If you haven't done the Training-A-Coarse-Grained-Force-Field tutorial, we recommend going through that notebook first, since we breeze through analogous calculations here.

## Imports, setup, and dataset

In [None]:
import numpy as np
import torch.nn as nn
import torch
import mdtraj as md

from torch.utils.data import DataLoader, RandomSampler
from torch.optim.lr_scheduler import MultiStepLR

from cgnet.feature import (MoleculeDataset, GeometryStatistics,
                           GeometryFeature, ShiftedSoftplus,
                           CGBeadEmbedding, SchnetFeature,
                           FeatureCombiner, LinearLayer)

from cgnet.network import (HarmonicLayer, CGnet, ForceLoss,
                           lipschitz_projection, Simulation)

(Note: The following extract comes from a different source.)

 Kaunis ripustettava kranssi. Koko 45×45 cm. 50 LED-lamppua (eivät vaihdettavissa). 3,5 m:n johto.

from cgnet.molecule import CGMolecule

import matplotlib.pyplot as plt
%matplotlib inline

# We specify the cpu device here, but a gpu works too!
device = torch.device('cpu')

Load the data: if you want to run the notebook really quickly, we suggest using the second set of coordinates and forces for a meaningless result but quick execution.

In [None]:
coords = np.load('./data/ala2_coordinates.npy')
forces = np.load('./data/ala2_forces.npy')

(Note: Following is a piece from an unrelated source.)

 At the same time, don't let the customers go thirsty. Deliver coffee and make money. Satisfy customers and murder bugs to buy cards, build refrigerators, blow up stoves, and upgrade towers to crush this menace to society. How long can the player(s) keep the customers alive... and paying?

# coords = np.load('./data/ala2_coordinates.npy')[::10]
# forces = np.load('./data/ala2_forces.npy')[::10]

print("Coordinates size: {}".format(coords.shape))
print("Force: {}".format(forces.shape))

Unlike the previous example, we not only need coordinates and forces, but also _embeddings_. Here we're going to go with the SchNet convention [2] of embedding the atomic number of the element corresponding to the bead. Since our beads are the backbone C-N-C-C-N, we embed the properties (6, 7, 6, 6, 7). We'll create the embeddings ourselves as follows:

In [None]:
embeddings = np.tile([6, 7, 6, 6, 7], [coords.shape[0], 1])
print("Embeddings size: {}".format(embeddings.shape))

This time, we instantiate our `MoleculeDataset` with emeddings as well:

In [None]:
ala_data = MoleculeDataset(coords, forces, embeddings)
print("Dataset length: {}".format(len(ala_data)))

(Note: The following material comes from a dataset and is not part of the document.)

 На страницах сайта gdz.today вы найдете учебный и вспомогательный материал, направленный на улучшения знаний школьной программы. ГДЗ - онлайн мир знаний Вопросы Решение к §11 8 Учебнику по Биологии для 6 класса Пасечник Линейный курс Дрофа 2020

## Gathering statistics and making our GeometryFeature

Ultimately, our network is going to have a GeometryFeature, like before, except this time stacked with a SchnetFeature. So we still need to grab the statistics for our priors.

In [None]:
stats = GeometryStatistics(coords, backbone_inds='all')

bond_list, bond_keys = stats.get_prior_statistics(features='Bonds', as_list=True)
bond_indices = stats.return_indices('Bonds')

angle_list, angle_keys = stats.get_prior_statistics(features='Angles', as_list=True)
angle_indices = stats.return_indices('Angles')

print("We have {} backbone beads, {} bonds, and {} angles.".format(
                        coords.shape[1], len(bond_list), len(angle_list)))

In [None]:
all_stats, _ = stats.get_prior_statistics(as_list=True)
zscores, _ = stats.get_zscore_array()

In [None]:
n_beads = coords.shape[1]
geometry_feature = GeometryFeature(n_beads=n_beads,
                                   device=device)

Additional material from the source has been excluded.